- **Problem statement**: Every line in the data below has to be repeated exactly; no picture belongs in the result.

Items listed in a dataset:
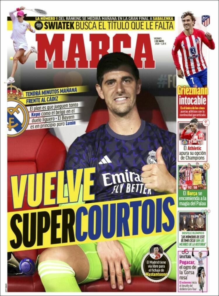 "Regresa el gigante", titula As, y en la foto le vemos despejando una bola de tenis. Como si le lanzan una de golf o una canica de las que usábamos los boomers en el recreo del cole: la va a parar. Puedes aumentar la potencia del disparo del delantero, disminuir el volumen del objeto esférico a rechazar, dilatar exponencialmente la portería. Puedes hacer lo que quieras: la va a parar. Ese es el Courtois que conocemos, y ese es el Courtois que va a volver, estamos seguros.
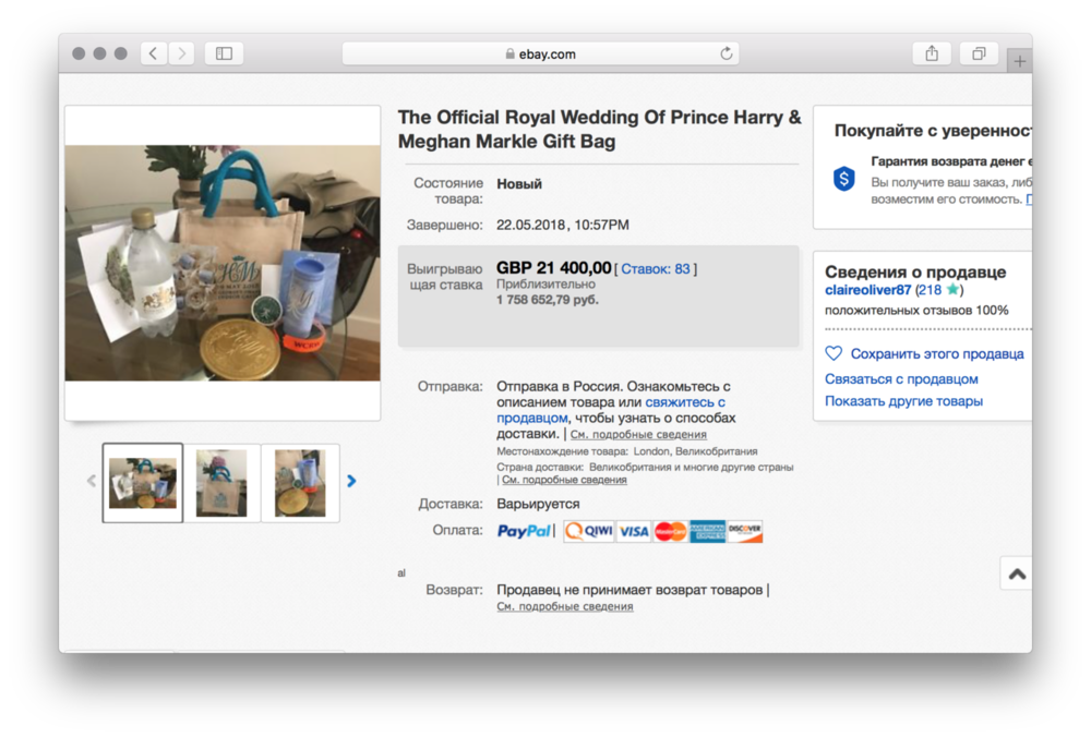 Оливер удалось продать сувениры за 21,400 фунтов (примерно 744 тысячи гривен). На аукционе было сделано 83 ставки. Женщина отказалась обсуждать свое решение и подчеркнула, что еще как минимум 25 гостей продают подарочные наборы с королевской свадьбы на Ebay.
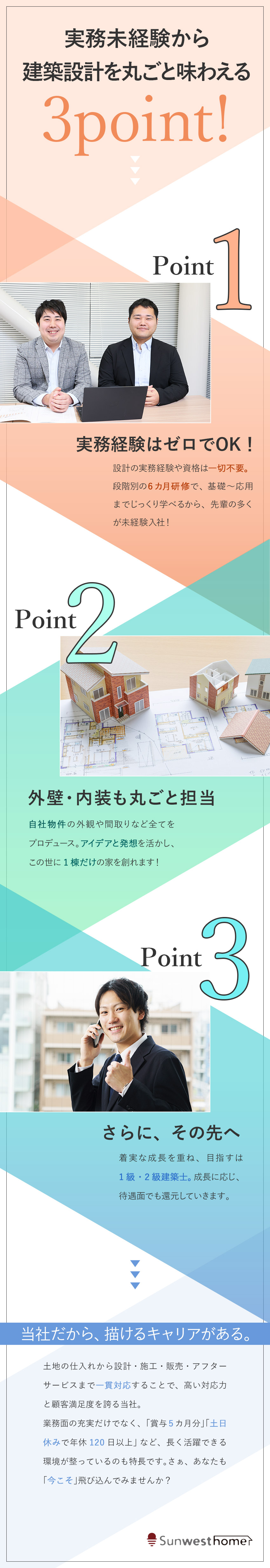 建築設計士/未経験歓迎/自社物件/賞与5カ月分/研修充実
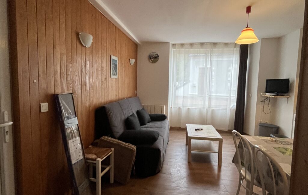 iad France - Marine Gimonet vous propose: Appartement 2 pièces Mont-Dore - Idéal Investissement locatif ou Pied-à-terre, au rez de chaussée d'une résidence située en centre ville, à 5 minutes à pied des Thermes du Mont Dore et 3 minutes de la navette gratuite pour les pistes.
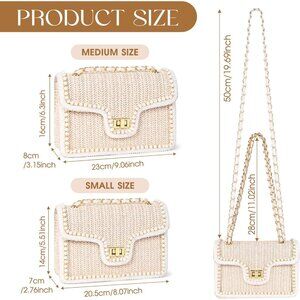 Features: Cute and lightweight woven straw bag with a stylish pearl detail on the front. Features a flap closure and a long chain strap that’s adjustable for crossbody, shoulder, or handbag wear. Perfect for carrying essentials while adding a touch of elegance to your casual look.
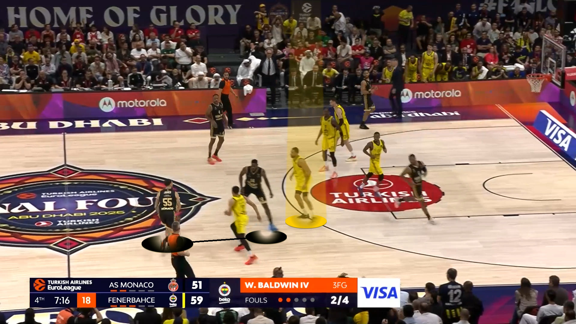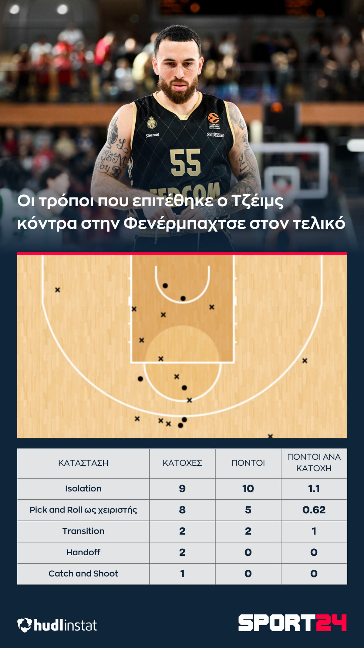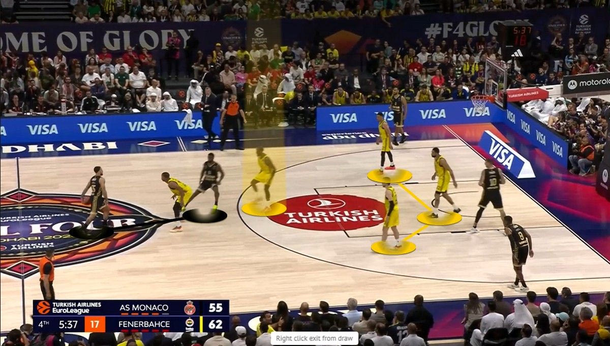 *Με κυκλάκι τα εύστοχα σουτ, με “x” τα άστοχαΗ Φενέρ επέλεξε να αλλάζει συνεχώς στο Pick and Roll τον Τζέιμς, οδηγώντας τον σε προσωπικές ενέργειες. Με την Μονακό να έχει μέτριους σουτέρ τριών πόντων σε κατάσταση Catch and Shoot (αλλά εξαιρετικούς σε Catch and Drive), ο στόχος ήταν να στηθεί ένα τείχος απέναντι σε Τζέιμς και Οκόμπο, ώστε να οδηγηθούν σε ατομικές ενέργειες. Και αυτό έγινε. Ιδού ένα παράδειγμα:
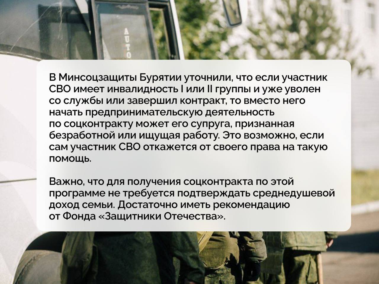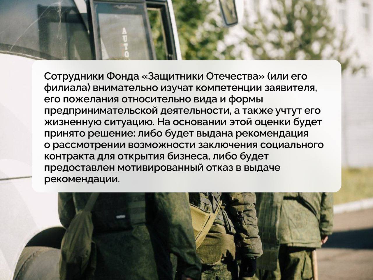 Теперь, если военнослужащий уволен со службы или завершил контракт и официально признан безработным или активно ищет работу, он может в приоритетном порядке получить государственную социальную помощь в виде социального контракта на открытие собственного бизнеса, финансируемого по нацпроекту «Семья».
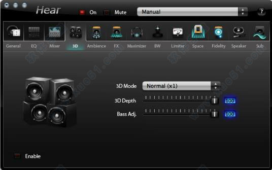 3、手动模式自带了EQ,Mixer,3D,Ambience,FX,Maximizer,BW,Limiter,Space,Fidelity,Speaker,Sub十二种专业音
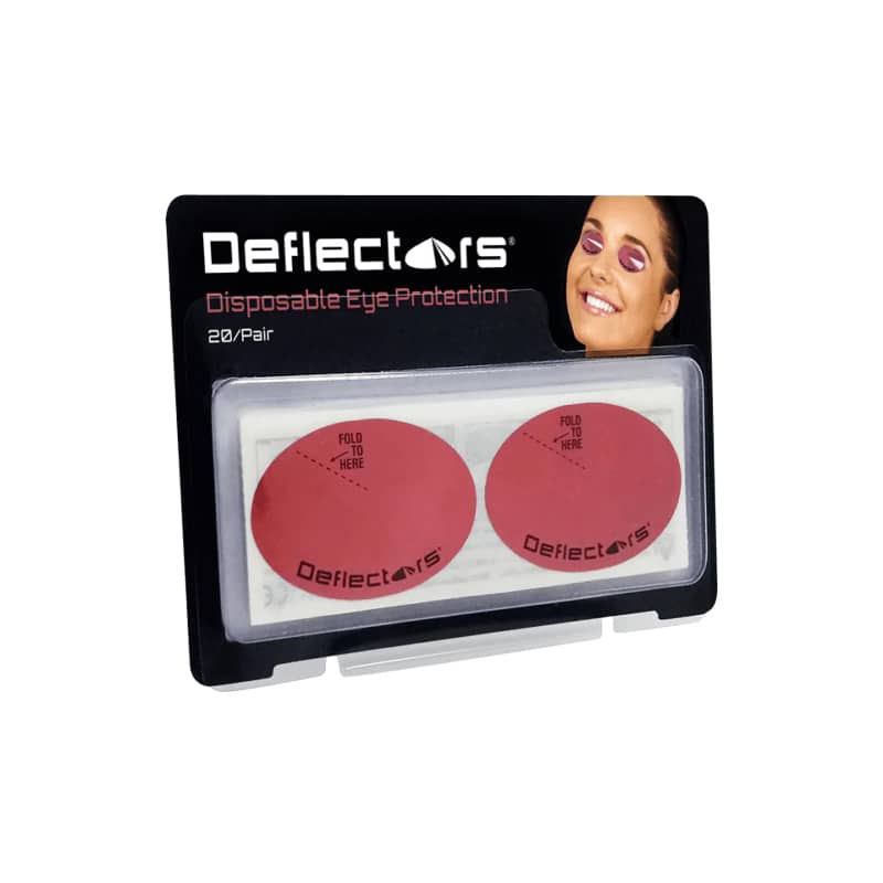 Deflektorer erbjuder engångsskydd för ögonen som utgör ett bekvämt och hygieniskt alternativ till det traditionella ögonskydd som används i solarium. Skyddar mot UVA- och UVB-strålning och är designade för att vara bekväma och lätta, samtidigt som de är enkla att använda. Dessa fungerar även bra med dig som har lite längre ögonfransar.
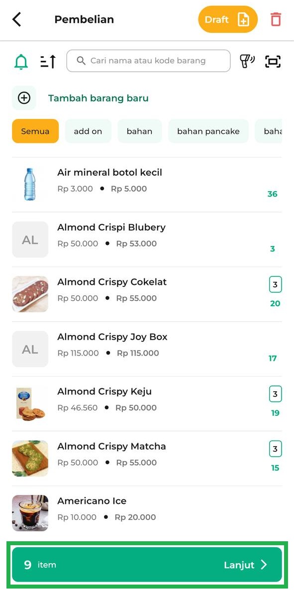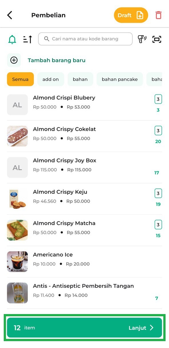 Berikut merupakan cara menambah barang pada draft pembelian yang telah dipilih:

- **Exercise output**:
 "Regresa el gigante", titula As, y en la foto le vemos despejando una bola de tenis. Como si le lanzan una de golf o una canica de las que usábamos los boomers en el recreo del cole: la va a parar. Puedes aumentar la potencia del disparo del delantero, disminuir el volumen del objeto esférico a rechazar, dilatar exponencialmente la portería. Puedes hacer lo que quieras: la va a parar. Ese es el Courtois que conocemos, y ese es el Courtois que va a volver, estamos seguros.
 Оливер удалось продать сувениры за 21,400 фунтов (примерно 744 тысячи гривен). На аукционе было сделано 83 ставки. Женщина отказалась обсуждать свое решение и подчеркнула, что еще как минимум 25 гостей продают подарочные наборы с королевской свадьбы на Ebay.
 建築設計士/未経験歓迎/自社物件/賞与5カ月分/研修充実
 iad France - Marine Gimonet vous propose: Appartement 2 pièces Mont-Dore - Idéal Investissement locatif ou Pied-à-terre, au rez de chaussée d'une résidence située en centre ville, à 5 minutes à pied des Thermes du Mont Dore et 3 minutes de la navette gratuite pour les pistes.
 Features: Cute and lightweight woven straw bag with a stylish pearl detail on the front. Features a flap closure and a long chain strap that’s adjustable for crossbody, shoulder, or handbag wear. Perfect for carrying essentials while adding a touch of elegance to your casual look.
 *Με κυκλάκι τα εύστοχα σουτ, με “x” τα άστοχαΗ Φενέρ επέλεξε να αλλάζει συνεχώς στο Pick and Roll τον Τζέιμς, οδηγώντας τον σε προσωπικές ενέργειες. Με την Μονακό να έχει μέτριους σουτέρ τριών πόντων σε κατάσταση Catch and Shoot (αλλά εξαιρετικούς σε Catch and Drive), ο στόχος ήταν να στηθεί ένα τείχος απέναντι σε Τζέιμς και Οκόμπο, ώστε να οδηγηθούν σε ατομικές ενέργειες. Και αυτό έγινε. Ιδού ένα παράδειγμα:
 Теперь, если военнослужащий уволен со службы или завершил контракт и официально признан безработным или активно ищет работу, он может в приоритетном порядке получить государственную социальную помощь в виде социального контракта на открытие собственного бизнеса, финансируемого по нацпроекту «Семья».
 3、手动模式自带了EQ,Mixer,3D,Ambience,FX,Maximizer,BW,Limiter,Space,Fidelity,Speaker,Sub十二种专业音
 Deflektorer erbjuder engångsskydd för ögonen som utgör ett bekvämt och hygieniskt alternativ till det traditionella ögonskydd som används i solarium. Skyddar mot UVA- och UVB-strålning och är designade för att vara bekväma och lätta, samtidigt som de är enkla att använda. Dessa fungerar även bra med dig som har lite längre ögonfransar.
 Berikut merupakan cara menambah barang pada draft pembelian yang telah dipilih:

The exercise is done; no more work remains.